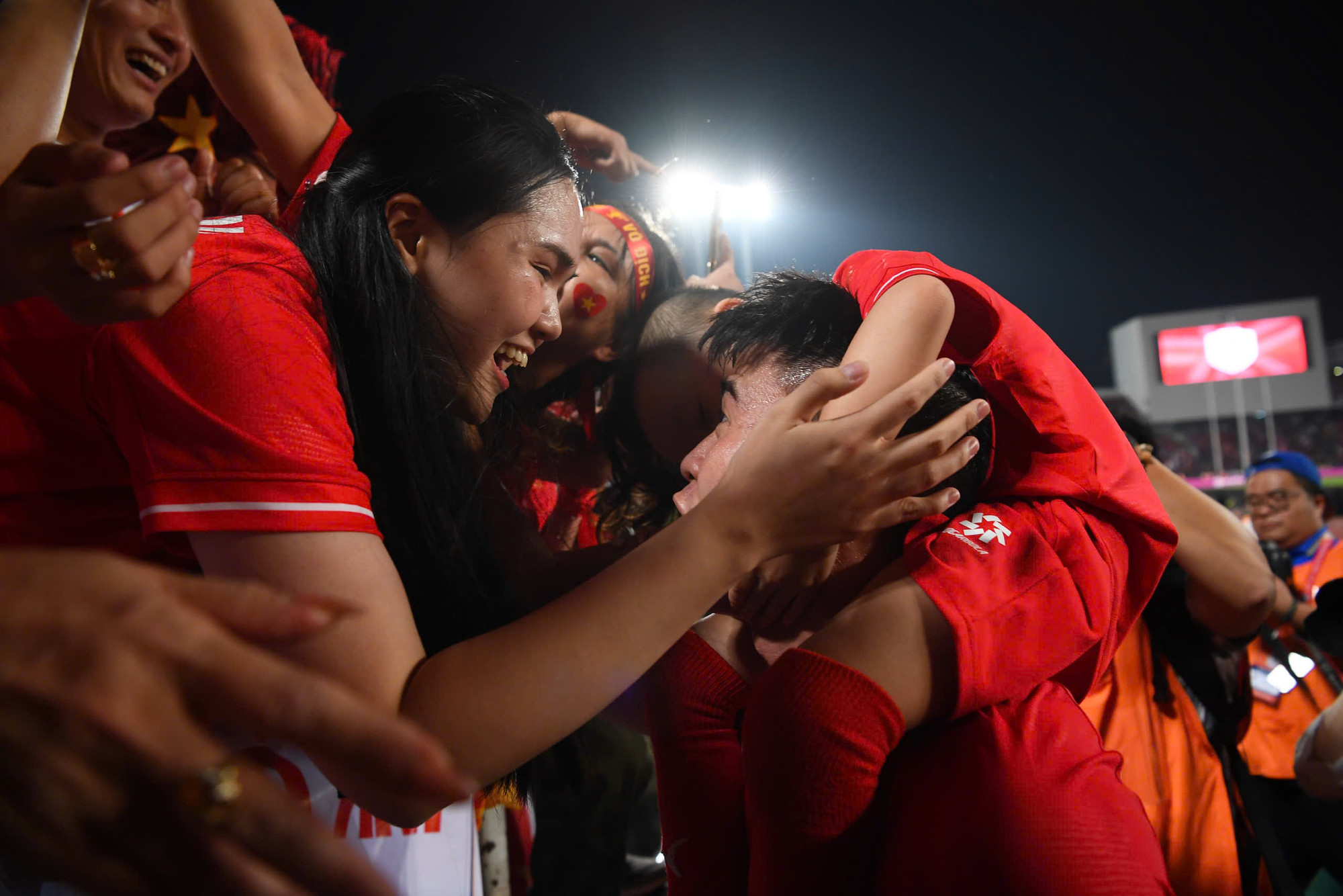 | Khi tiếng còi kết thúc trận Chung kết lượt về ASEAN Cup 2024 vang lên, các chiến binh áo vàng đã vỡ òa niềm vui. |
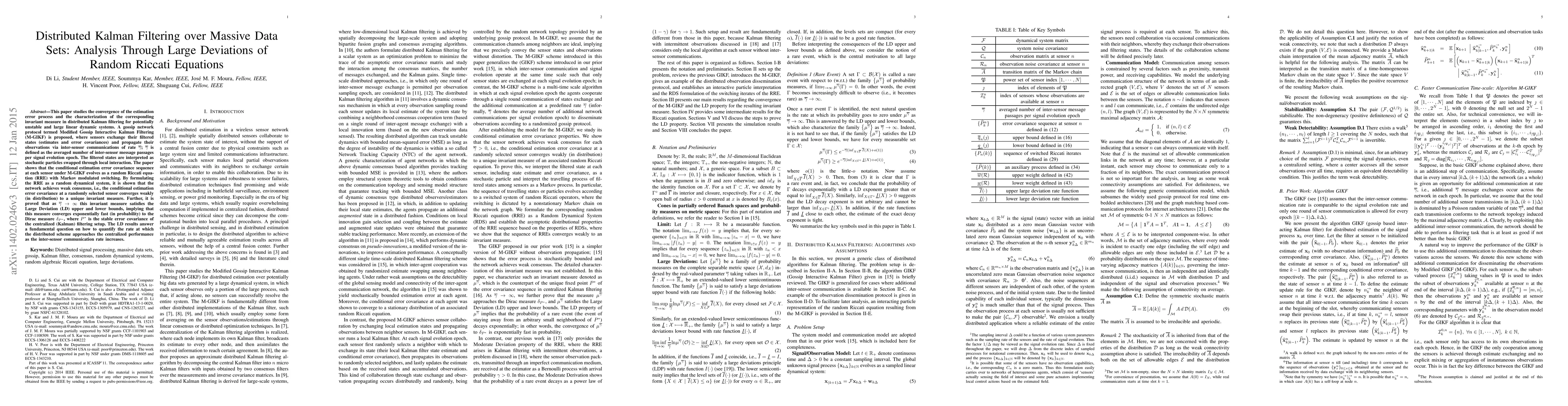 This paper studies the convergence of the estimation error process and the characterization of the corresponding invariant measure in distributed Kalman filtering for potentially unstable and large linear dynamic systems. A gossip network protocol termed Modified Gossip Interactive Kalman Filtering (M-GIKF) is proposed, where sensors exchange their filtered states (estimates and error covariances) and propagate their observations via inter-sensor communications of rate $\overline{\gamma}$; $\overline{\gamma}$ is defined as the averaged number of inter-sensor message passages per signal evolution epoch. The filtered states are interpreted as stochastic particles swapped through local interaction. The paper shows that the conditional estimation error covariance sequence at each sensor under M-GIKF evolves as a random Riccati equation (RRE) with Markov modulated switching. By formulating the RRE as a random dynamical system, it is shown that the network achieves weak consensus, i.e., the conditional estimation error covariance at a randomly selected sensor converges weakly (in distribution) to a unique invariant measure. Further, it is proved that as $\overline{\gamma} \rightarrow \infty$ this invariant measure satisfies the Large Deviation (LD) upper and lower bounds, implying that this measure converges exponentially fast (in probability) to the Dirac measure $\delta_{P^*}$, where $P^*$ is the stable error covariance of the centralized (Kalman) filtering setup. The LD results answer a fundamental question on how to quantify the rate at which the distributed scheme approaches the centralized performance as the inter-sensor communication rate increases.
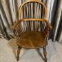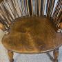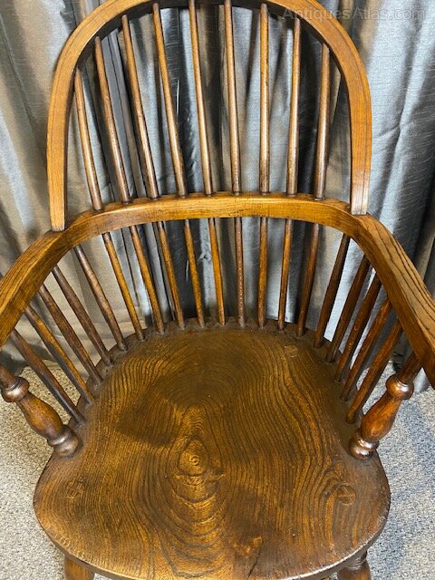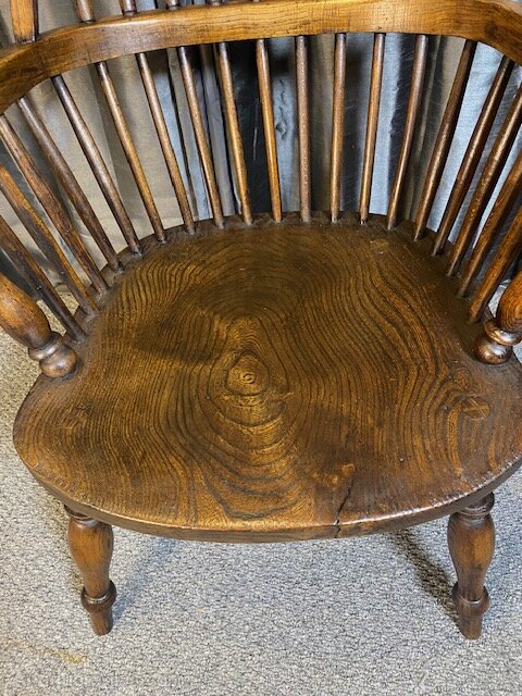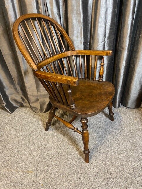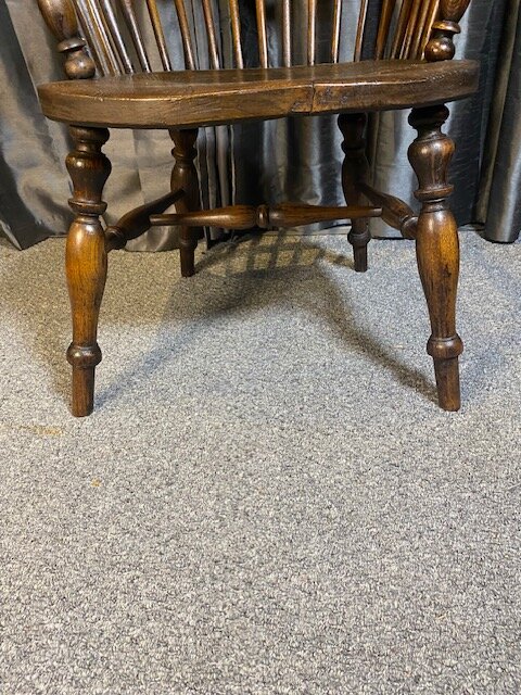 This Elm and Ash windsor chair which is dated and stamped BW High Wycombe 1906 would be ideal for a kitchen / hallway/ office or dining table. The chair has a shaped back and spindles for supports and with curved arms , standing on turned legs and side support bars.Dimensions:-
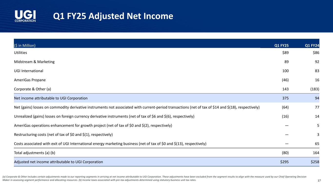 25财年第一季度调整后稀释每股收益(a)公司及其他包括在得出归属于UGI公司的净利润时对我们的报告分部所做的某些调整。这些调整已被排除在分部业绩之外,以与我们的首席运营决策者在评估分部业绩和分配资源时使用的衡量标准保持一致。16 Q1 FY25 Q1 FY24 Utilities $ 0.41 $ 0.40 Midstream & Marketing 0.4 10.43 UGI International 0.46 0.39 AmeriGas Propane(0.21)0.07 Corporate & Other(a)0.67(0.85)稀释每股收益1.74 0.44与当期交易无关的商品衍生工具净(收益)亏损(0.30)0.37外币衍生工具未实现(收益)亏损(0.07)0.06 AmeriGas为增长而增强运营项目— 0.02重组成本— 0.01与退出UGI国际能源营销业务相关的成本— 0.30总调整(a)(0.37)0.76调整后稀释每股收益1.37美元1.20美元
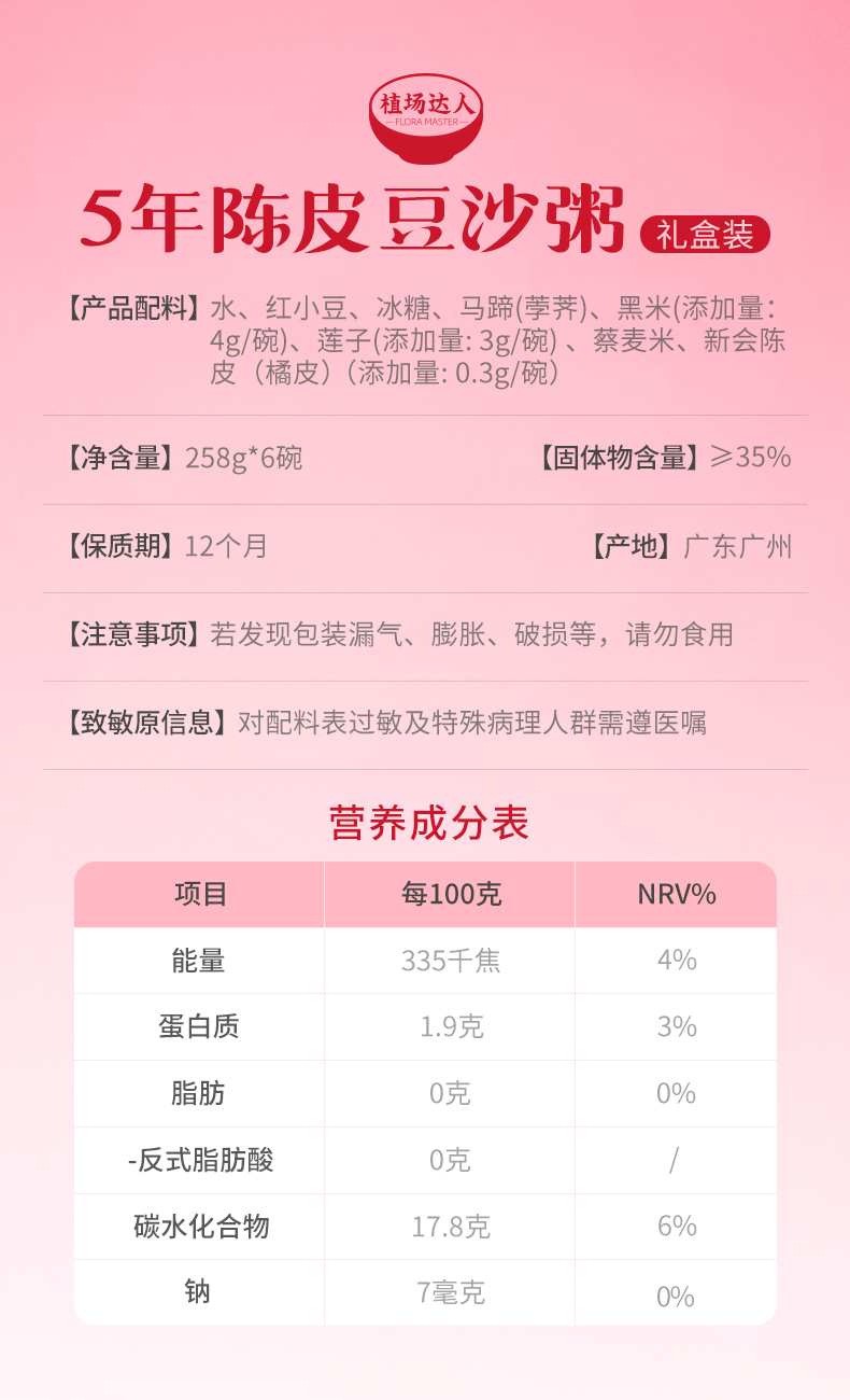 商品名称:植场达人5年陈皮豆沙粥礼盒装258g*6碗
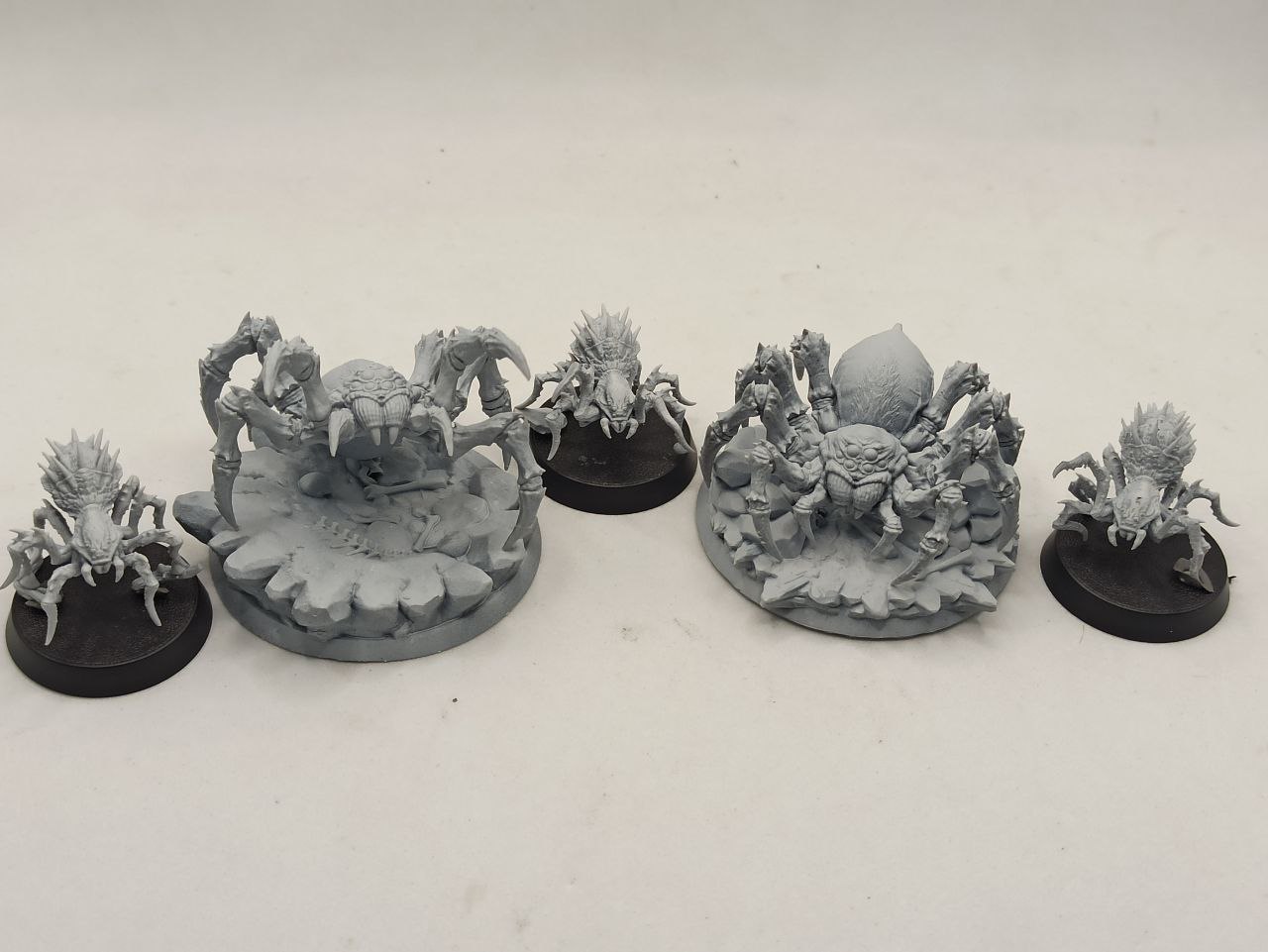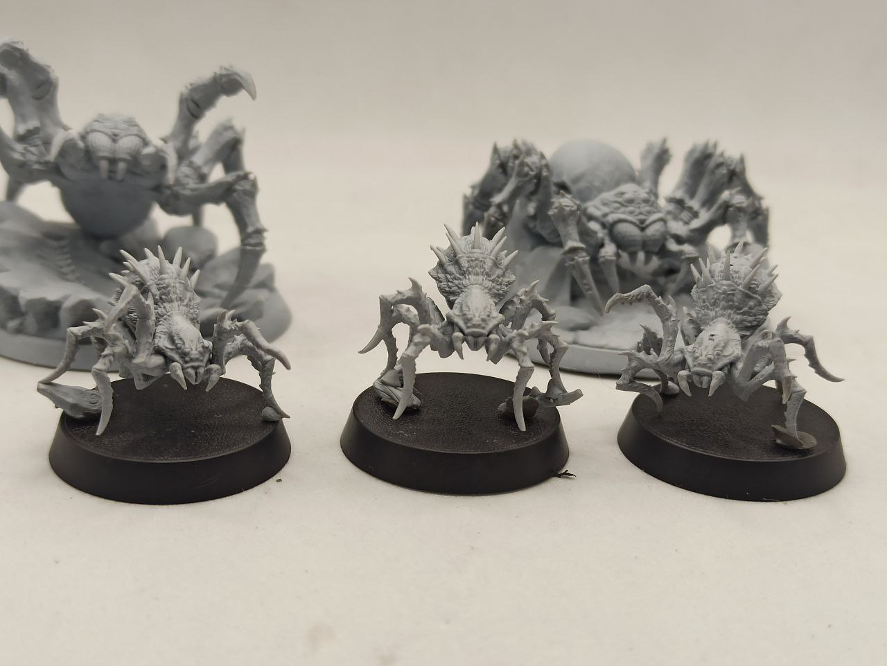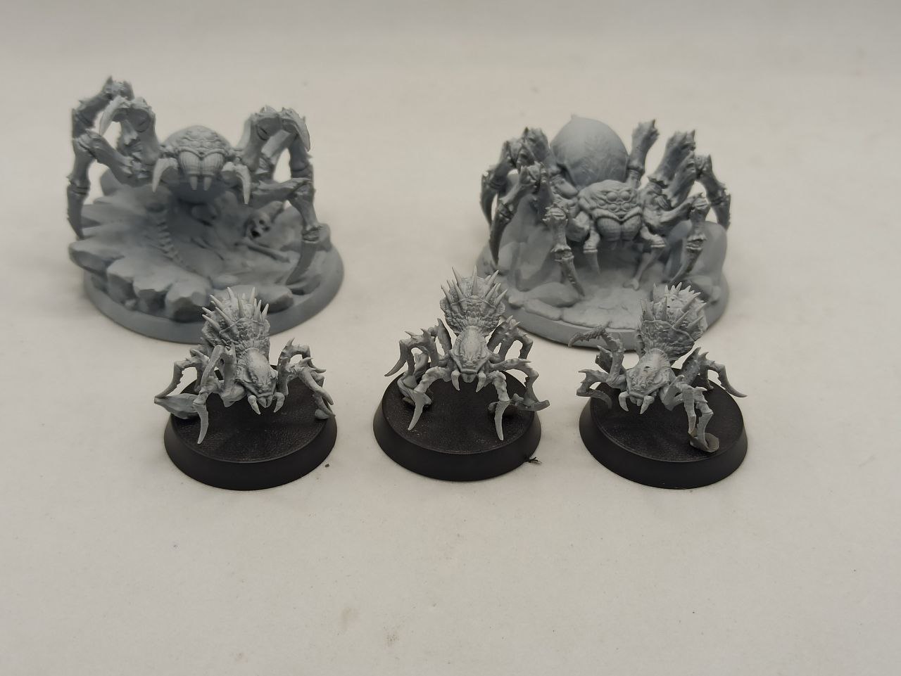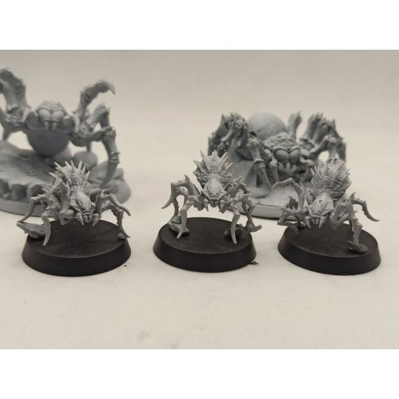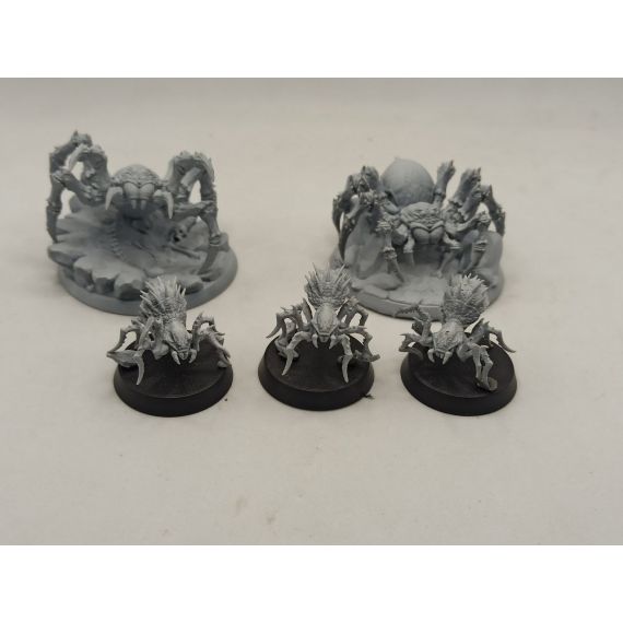 Цена за 5 миниатюр и 2 текстурные базы под больших пауков .На фото большие пауки стоят на 50 базе ,маленькие на 28 базах.
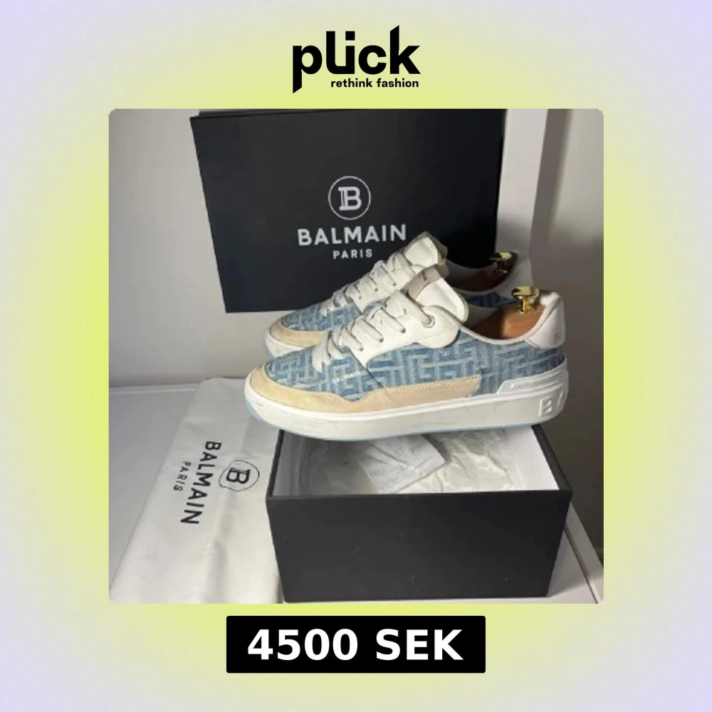 Snygga Balmain sneakers i blått och vitt med mönstrad textil och detaljer i mocka och skinn. Platt sula med Balmain-logga undertill, snörning och rund tå. Perfekt för dig som gillar exklusiv streetstyle och vill sticka ut med ett lyxigt märke.
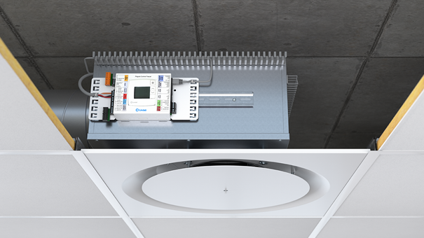 The unit is easy to install, the room regulator is attached to the box itself and room sensors are discrete placed in the diffuser part. It comes assembled, wired up and ready to install with all that is needed for a good and well-functioning DCV room solution for a pleasant indoor climate environment. The pre-assembled unit is delivered fully tested and reduces the risk of potential errors and ease up the total installation time.
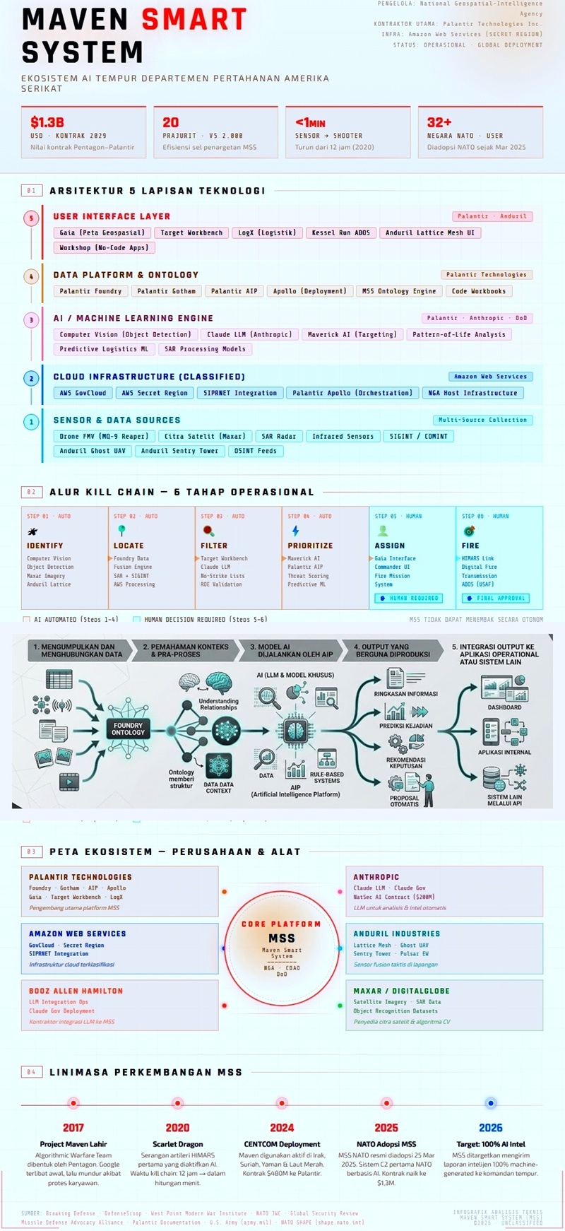 Penggunaan AI dalam operasi militer AS sebenarnya telah dimulai sejak proyek pengolahan citra drone bernama Project Maven pada 2017. Program ini menjadi fondasi bagi berbagai sistem analisis intelijen berbasis algoritma yang kini digunakan Pentagon dalam operasi militer modern. Salah satu sistem yang berkembang dari proyek tersebut adalah Maven Smart System (MSS) yang dilaporkan digunakan dalam operasi militer AS di Iran.

▶ _Assigned task_:
Which lines run from the one containing "The unit is" to the end of the entries above? Write them out exactly, leaving out every picture.

▶ _Output for this task_:
 The unit is easy to install, the room regulator is attached to the box itself and room sensors are discrete placed in the diffuser part. It comes assembled, wired up and ready to install with all that is needed for a good and well-functioning DCV room solution for a pleasant indoor climate environment. The pre-assembled unit is delivered fully tested and reduces the risk of potential errors and ease up the total installation time.
 Penggunaan AI dalam operasi militer AS sebenarnya telah dimulai sejak proyek pengolahan citra drone bernama Project Maven pada 2017. Program ini menjadi fondasi bagi berbagai sistem analisis intelijen berbasis algoritma yang kini digunakan Pentagon dalam operasi militer modern. Salah satu sistem yang berkembang dari proyek tersebut adalah Maven Smart System (MSS) yang dilaporkan digunakan dalam operasi militer AS di Iran.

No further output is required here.